Pacjenci miesiącami czekają na wizytę u lekarzy specjalistów, a później na badania. W wielu przypadkach to pogarsza rokowania, dlatego coraz więcej osób decyduje się skorzystać z prywatnej konsultacji.

- Jak niemal każdy co miesiąc płacę składkę zdrowotną do ZUS, nie da się ukryć, że jest ona coraz wyższa. W moim przypadku za te pieniądze mogłabym mieć świetny pakiet zdrowotny w prywatnej klinice. Niestety nie mam, a za pieniądze, które co miesiąc wpływają na konto w ZUS-ie o opiece zdrowotnej mogę pomarzyć. Nie ma szansy, że dostanę się nie tylko "od ręki" ale często nawet w ciągu 1-2 miesięcy do lekarza specjalisty. Nie dziwię się, że coraz więcej osób choruje czy ma poważniejsze problemy ze zdrowiem. Prywatnie to też kosztuje, a nie każdego na to stać, by kolejny raz płacić za opiekę medyczną, skoro robi to co miesiąc. Dziwię się, że jeszcze nikt nie zrobił z tym porządku, lata mijają, a w tym kraju ciągle to samo. Publiczna opieka zdrowotna nie istnieje - pisze nasza czytelniczka.

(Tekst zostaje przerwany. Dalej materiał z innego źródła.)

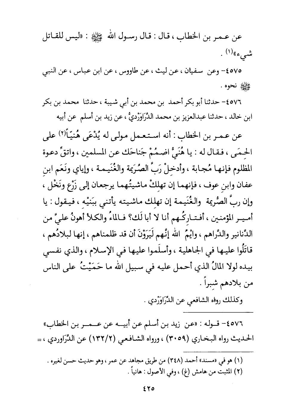 4576 - نا أَبُو بَكْرٍ أَحْمَدُ بْنُ مُحَمَّدِ بْنِ أَبِي شَيْبَةَ , نا مُحَمَّدُ بْنُ بَكْرِ بْنِ خَالِدٍ , نا عَبْدُ الْعَزِيزِ بْنُ مُحَمَّدٍ الدَّرَاوَرْدِيُّ , عَنْ زَيْدِ بْنِ أَسْلَمَ , عَنْ أَبِيهِ , عَنْ عُمَرَ بْنِ الْخَطَّابِ , أَنَّهُ اسْتَعْمَلَ مَوْلًى لَهُ يُدْعَى: هَانِئٌ عَلَى الْحِمَى , فَقَالَ لَهُ: " يَا هَانِئٌ §اضْمُمْ جَنَاحَكَ عَنِ الْمُسْلِمِينَ , وَاتَّقِ دَعْوَةَ الْمَظْلُومِ فَإِنَّهَا مُجَابَةٌ , وَأَدْخِلْ رَبَّ الصُّرَيْمَةِ وَالْغَنِيمَةِ وَإِيَّايَ وَنَعَمَ ابْنِ عَفَّانَ , وَابْنِ عَوْفٍ فَإِنَّهُمَا إِنْ تُهْلِكْ مَاشِيَتُهُمَا يَرْجِعَانِ إِلَى زَرْعٍ وَنَخْلٍ , وَإِنَّ رَبَّ الصُّرَيْمَةِ وَالْغَنِيمَةِ إِنْ تُهْلِكْ مَاشِيَتُهُ يَأْتِينِي بِبَنِيهِ , فَيَقُولُ: يَا أَمِيرَ الْمُؤْمِنِينَ أَفَتَارِكُهُمَا أَنَا لَا أَبَا لَكَ فَالْمَاءُ وَالْكَلَأُ أَهْوَنُ عَلَيَّ مِنَ الدَّنَانِيرِ وَالدَّرَاهِمِ , وَأَيْمُ اللَّهِ إِنَّهُمْ لَيَرَوْنَ أَنْ قَدْ ظَلَمْنَاهُمْ إِنَّهَا لَبِلَادُهُمْ قَاتَلُوا عَلَيْهَا فِي الْجَاهِلِيَّةِ وَأَسْلَمُوا عَلَيْهَا فِي الْإِسْلَامِ وَالَّذِي نَفْسِي بِيَدِهِ لَوْلَا الْمَالُ الَّذِي أَحْمِلُ عَلَيْهِ فِي سَبِيلِ اللَّهِ مَا حَمَيْتُ عَلَى النَّاسِ مِنْ بِلَادِهِمْ شِبْرًا ". وَكَذَلِكَ رَوَاهُ الشَّافِعِيُّ , عَنِ الدَّرَاوَرْدِيِّ
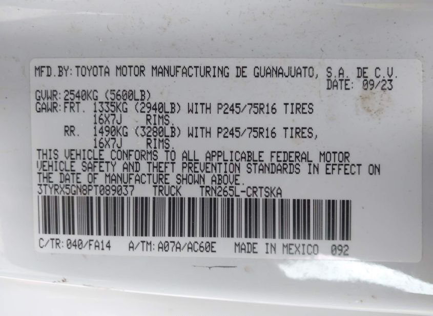 - VIN: 3TYRX5GN8PT089037
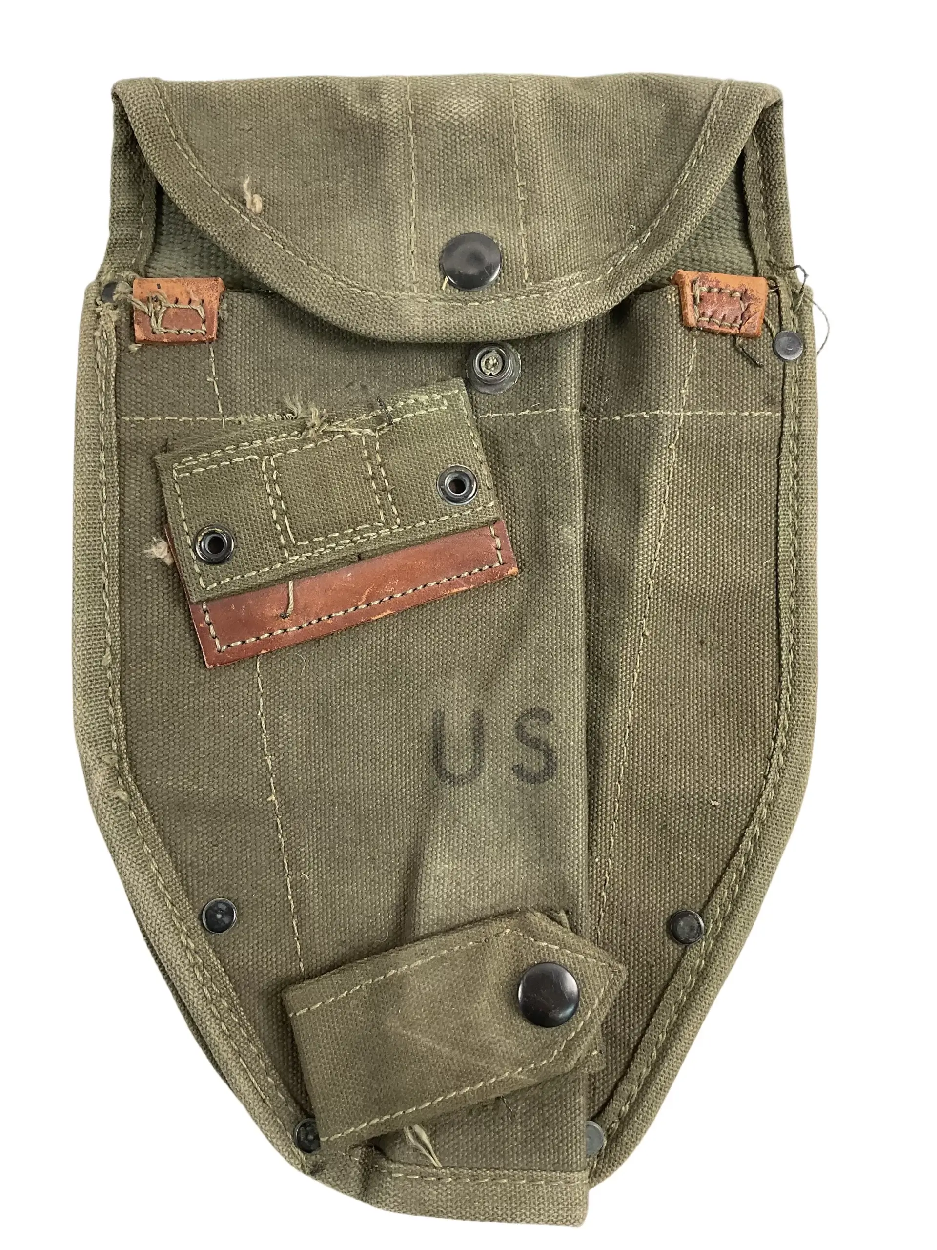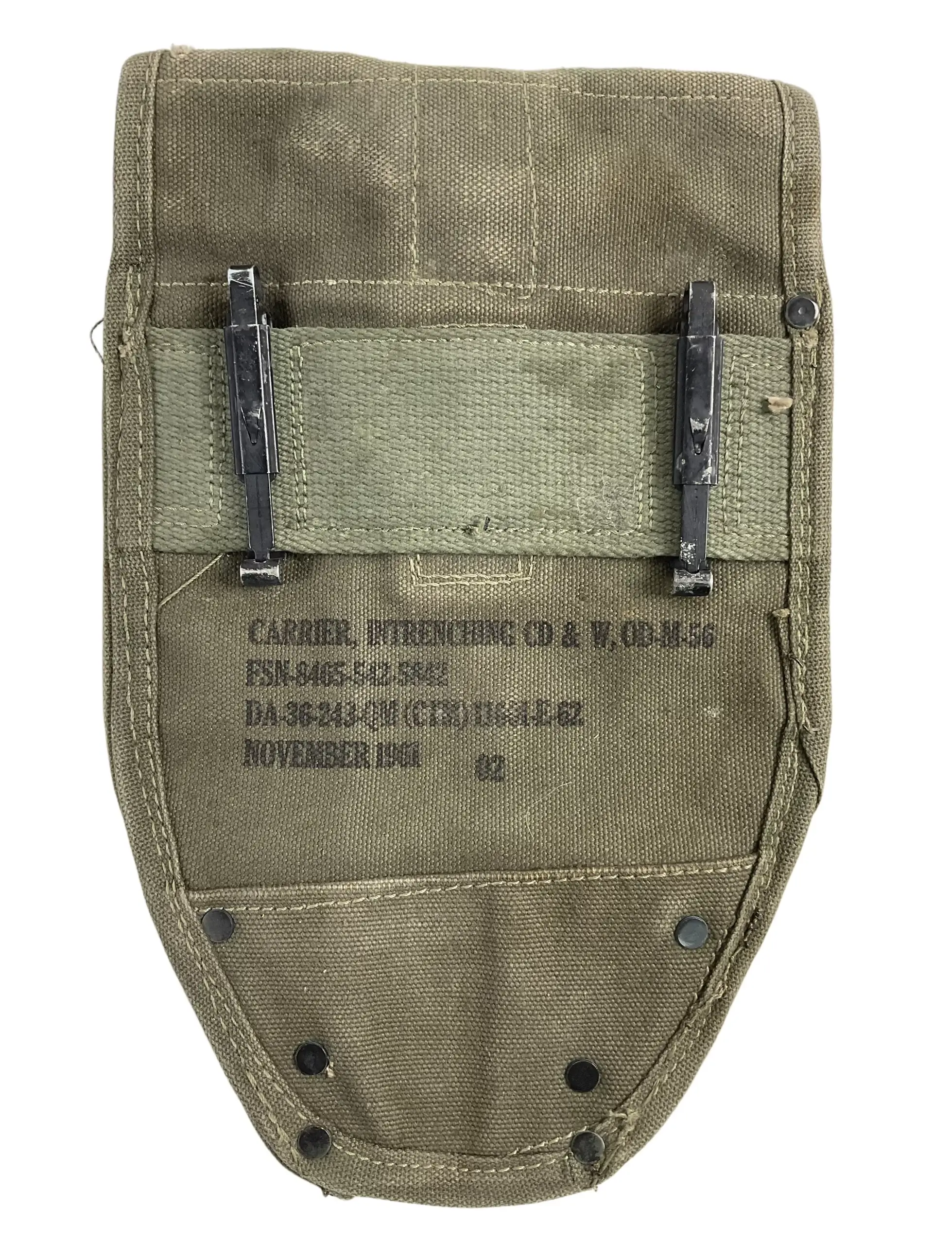 The US Army Entrenching Tool Carrier Model 1956, dated 1961, is an original military-issue case designed to hold the standard folding entrenching tool used by American troops. Manufactured as part of the M1956 Load-Carrying Equipment system, this carrier is constructed from heavy-duty cotton canvas in olive drab coloration. It features reinforced stitching, a snap-flap closure for securing the entrenching tool, and an integrated metal clip on the reverse for attaching to individual equipment belts or field gear. A stamped date of 1961 and specification markings are visible on the flap or inside surface. The Model 1956 carrier reflects the transitional period of U.S. military field equipment in the post-Korean War era, preceding later synthetic-material systems. These carriers were widely used during the early years of the Vietnam War and were designed to accommodate the M1943 entrenching tool, providing durability and ease of access in demanding field conditions.

Po skierowanie do rodzinnego, a później i tak płacimy



Pacjentka z silnym bólem głowy, która od kilku tygodni narzeka na zawroty i problemy ze wzrokiem, od lekarza rodzinnego dostała skierowanie do podstawowe badania i konsultacje u specjalistów.

- Najpierw dostałam skierowanie do okulisty. Pierwszy wolny termin wizyty na NFZ był za około miesiąc, kolejne przychodnie miały terminy nawet za 3 miesiące i więcej, więc poszłam prywatnie, choć znaleźć termin w ciągu tygodnia też łatwo nie było, zapłaciłam 200 zł. Okazało się jednak, że z oczami wszytko dobrze, mój problem jednak nie zniknął, więc wróciłam do lekarza rodzinnego, który tym razem skierował mnie do neurologa. Tu znów pojawia się problem, bo to kolejne czekanie 3-4 miesiące na NFZ - opowiada nasza czytelniczka Anna.
Z kolei pani Marta chciała skorzystać z pomocy psychologa. Tu - jak wskazuje informator o terminach leczenia prowadzony przez Narodowy Fundusz Zdrowia - pierwsze wolne terminy na wizytę w poradni w Gdańsku to koniec stycznia i połowa lutego.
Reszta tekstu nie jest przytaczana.